Shipping RAG to production without losing your sleep

An honest field report from building a clinical-grade retrieval system at Khynex — the eval harness mattered more than the model.

  • AI
  • RAG
  • Engineering

Most retrieval-augmented generation tutorials end where production begins. They show a notebook that returns a plausible answer, declare victory, and never mention the day a regulator asks why your model said the wrong thing about a heart condition.

We just shipped one of these systems for a clinical customer. Here's what actually mattered.

Eval before architecture

We spent the first two weeks of the engagement building an eval harness, not a pipeline. A 1,200-question test set, hand-curated by clinicians, with explicit grading rubrics for citation accuracy, hallucination, and latency. Every change to the system — new chunker, new reranker, new model — runs through it.
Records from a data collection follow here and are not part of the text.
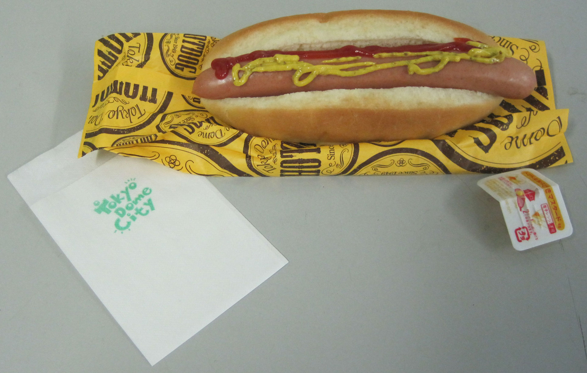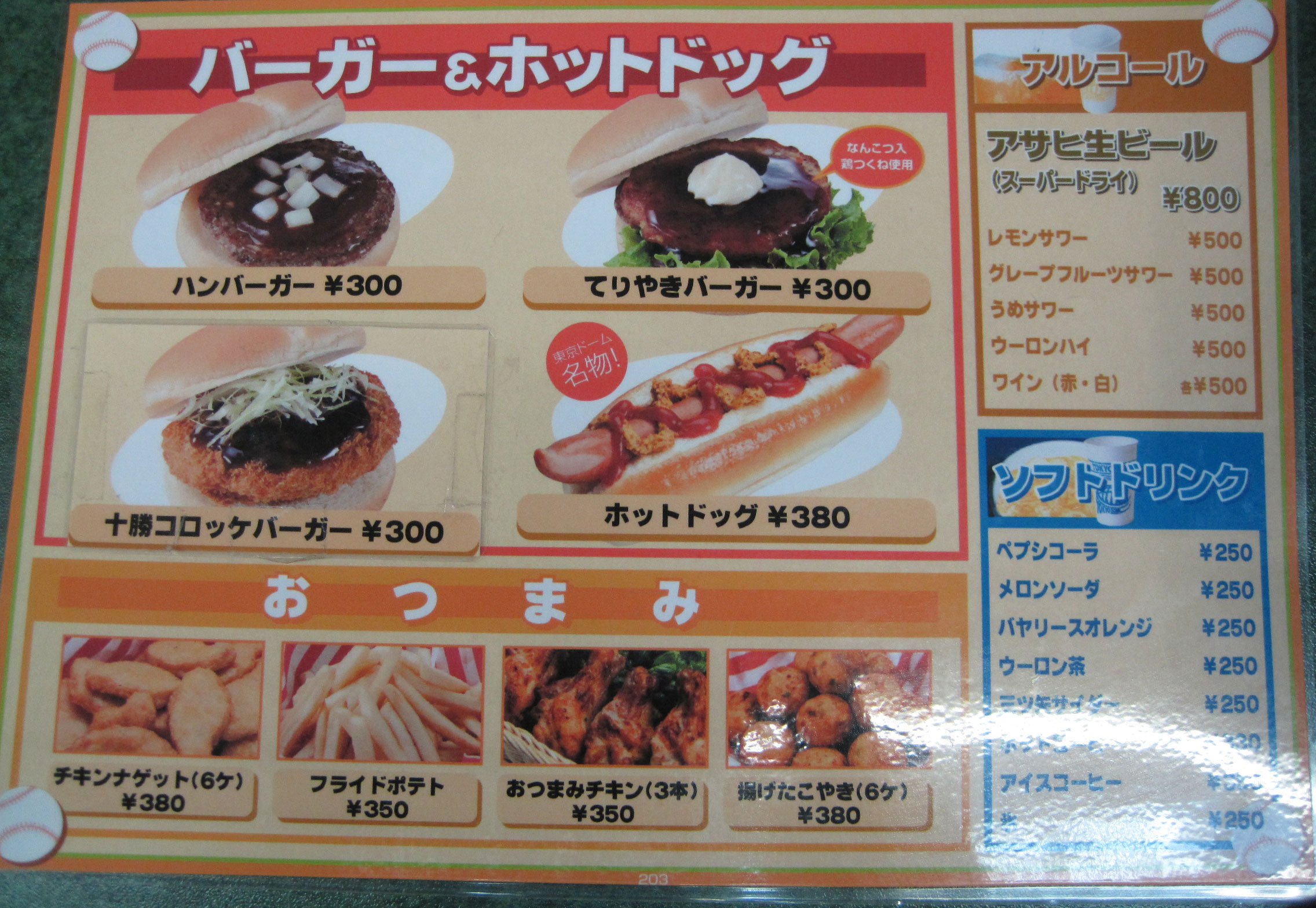 Even 5,000 miles from Chavez Ravine, you can still enjoy a hot dog at the ballpark. Regular dogs come on a bun with a combo ketchup-mustard pacakge, and there’s also a jumbo option skewered on a wooden stick. The standard dog tasted like your average dirty water wiener, although somehow made with lower quality meat. Definitely a hint of Spam in there. They also don’t serve sauerkraut, which means I could never live here. I’m not proud of occasionally eating kraut and mustard on a bun with no hot dog, but that doesn’t mean I don’t enjoy it. French fries and popcorn are also popular, and there’s a combination hot pretzel/churro stand (chetzel stand) on the upper concourse.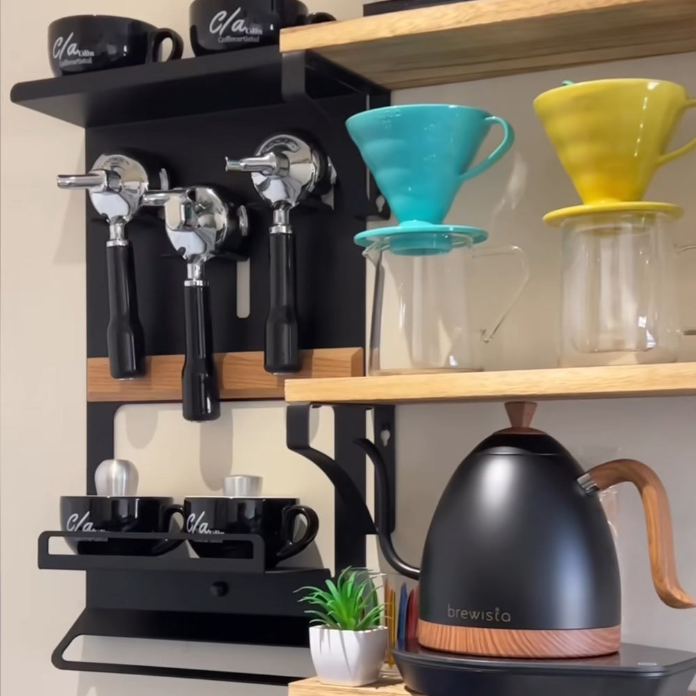 Barista shelf for portafilters, tampers and barista accessories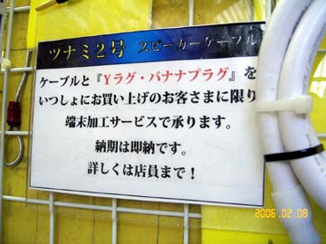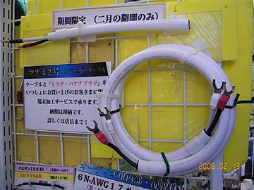 | オヤイデ電気。店の奥に極太のVCT線が転がっていた。直径はなんとφ22!5.5スケアが8芯も束ねられている。うわー、なんじゃこれ。これ小売りしてくれるんですかと聞いたら、電気工事関係業者から注文を受けて特別に取り寄せたモノで、小売りはしないとのこと。コンセント4個搭載の電源タップにこのケーブルを使えば、プラグからの4系統同一パラレル配線が実現出来るんだがなぁ。プラグ側の端末処理がとてつもなく大変そうだが。 | ||||||||||||||||||||||||||||||||||||||||||||||||||||||||||||||||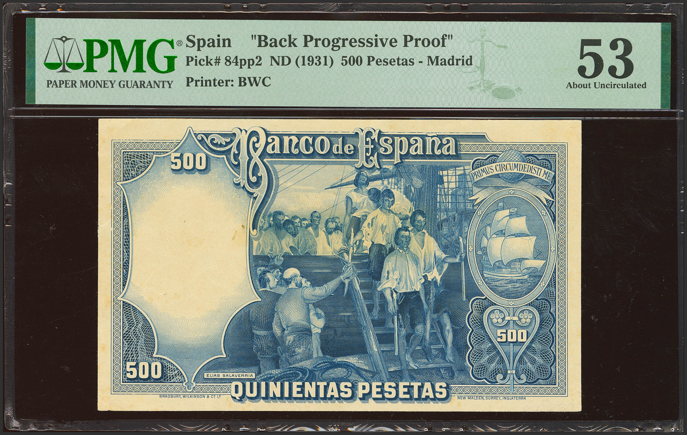 500 pesetas. Prueba de color del reverso del billete de Juan Sebastián Elcano. (Edifil 2023: 361Pb). RarÃsima. EBC. Encapsulado PMG53 (previously mounted).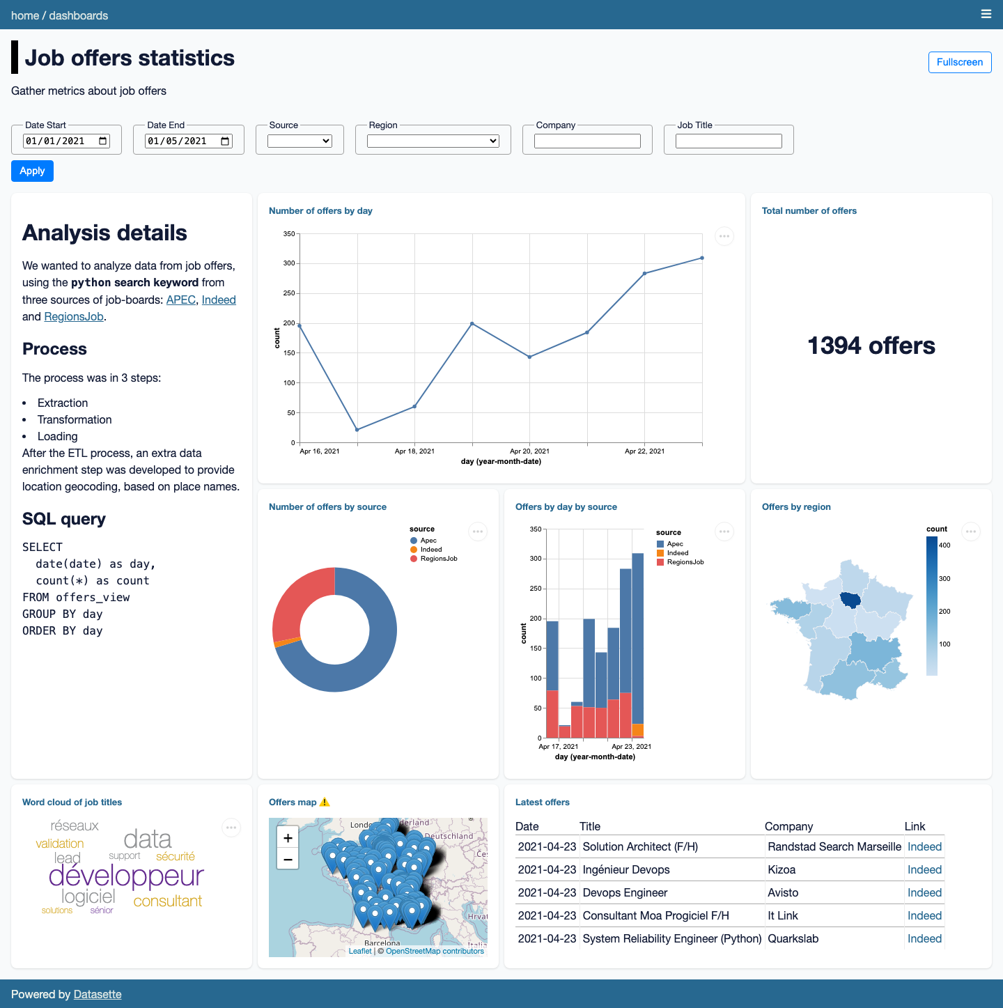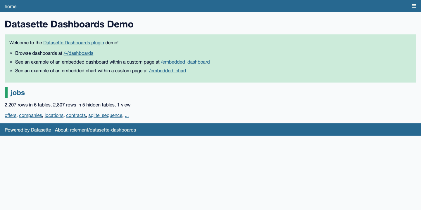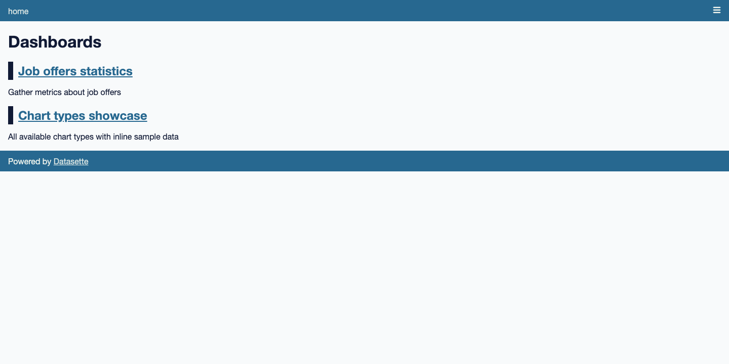 The Datasette Dashboards plugin allows to create interactive data visualisation dashboards in a declarative manner using the Datasette metadata configuration file. Coupled with a version control system such as Git, it transforms you Datasette instance into a BI as Code (Business Intelligence as Code) tool.
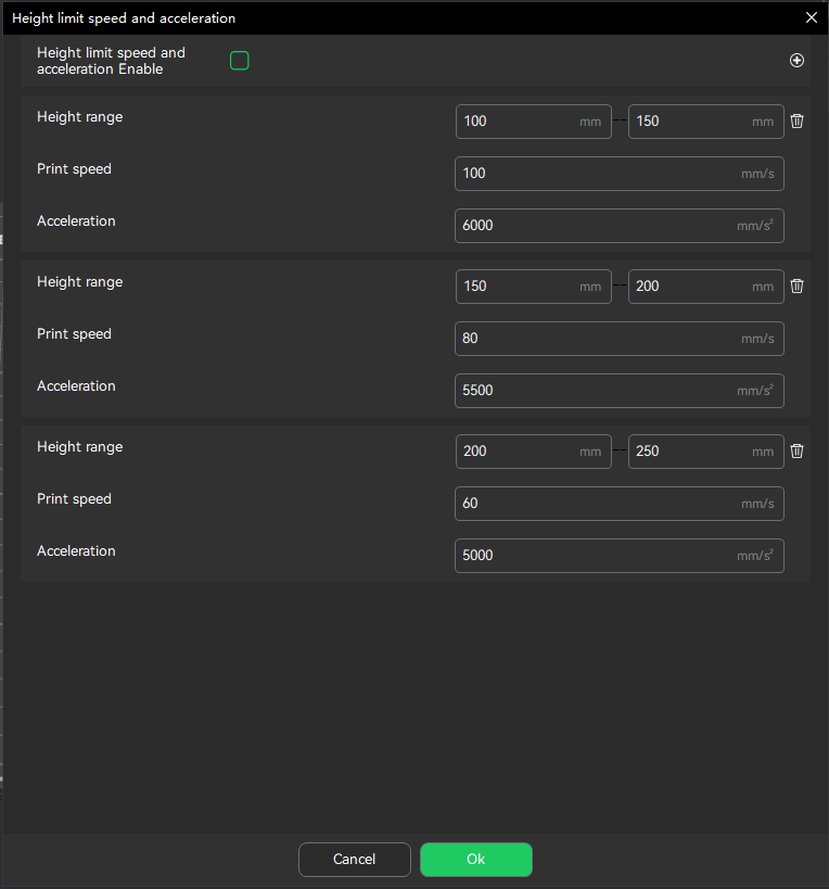 The taller a model is, the higher its center of gravity becomes, making vibrations more likely to be amplified. With the new Height(Weight) limit speed and acceleration, you can set specific thresholds near the top or within designated height ranges. When these thresholds are reached, the printer automatically reduces speed and acceleration to the configured values, helping to minimize vibration and oscillation. This improves the print quality of tall towers or slender structures, enhances the stability of high models, and increases overall print success rates.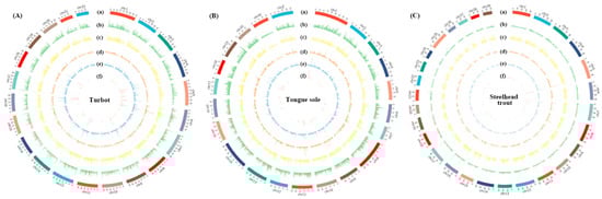 The distribution of protein-coding genes and AS events across the whole genomes of turbot (A), tongue sole (B) and steelhead trout (C). The bar plots from the outer to inner were used to represent the: (a) genome karyotype; (b) distribution of all the protein-coding genes; (c) distribution of protein-coding genes with AS events; (d) distribution of all the AS events; (e) density of AS events (AS event number/gene number); and (f) AS hotspot distribution. The distribution of both genes and AS events were calculated within non-overlap 200 kb bins.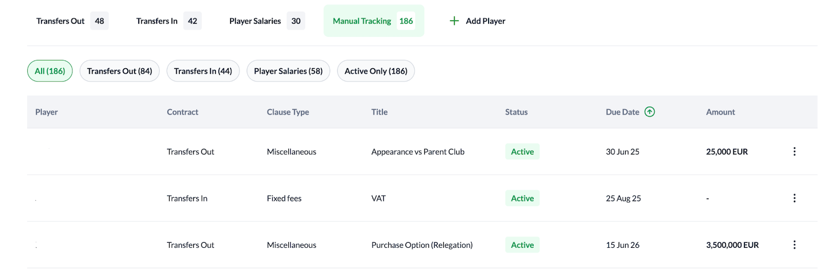 - Quick Filters: You can sort clauses by contract type (Transfers Out, Transfers In, Player Salaries) or view Active Only items to see what is currently outstanding.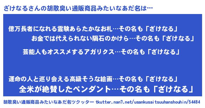| ヒーロー風カッコイイあだ名 | 『究極戦士ザケナル』『スーパーザケナル』 |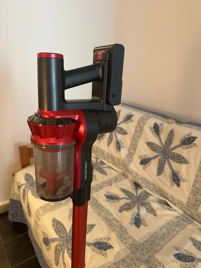Vendo aspiradora escoba SilverCrest en buen estado general. Tiene buena potencia y funciona perfectamente para limpiezas rápidas, suelos y rincones.
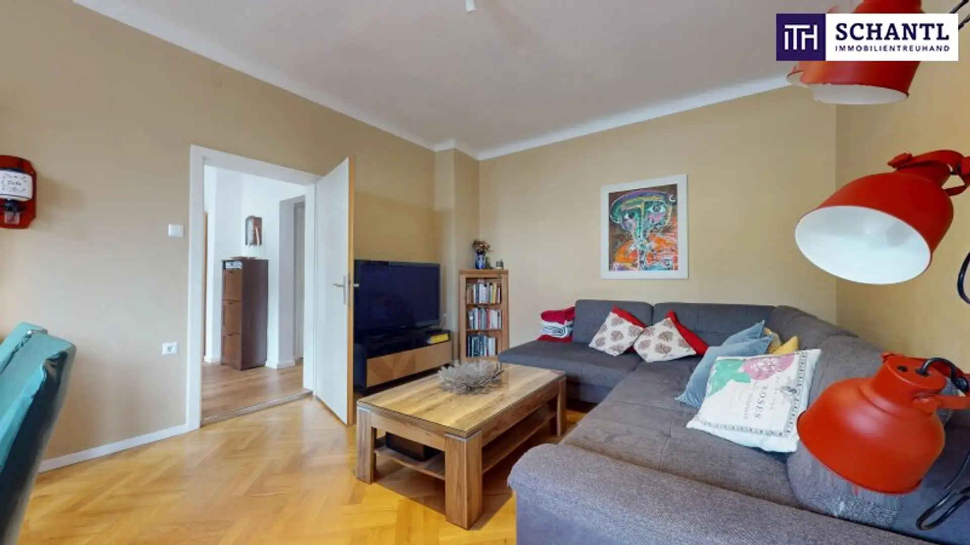 * Hochwertiger Parkettboden, teilweise im eleganten Fischgrätmuster

If you can't measure it, you can't ship it. And in a regulated context, you cannot ship it without a paper trail.

Hybrid retrieval, always

Pure vector search is a beautiful demo and a fragile production system. Hybrid BM25 + dense retrieval, with a learned reranker on top, was the only thing that survived adversarial queries from the clinical team.

Latency budgets are engineering constraints

A 4-second answer is a useless answer in clinical workflow. We held a hard 1.5s p95 budget end-to-end. That meant streaming, that meant a small reranker, and that meant pre-warming the embedding cache for common queries.

The unglamorous work

Most of the team's time went into the parts of the system that don't appear in the architecture diagram: the chunking strategy, the citation post-processor, the eval CI gate, the human-in-the-loop review queue.

The model is the easy part. Everything around the model is the engagement.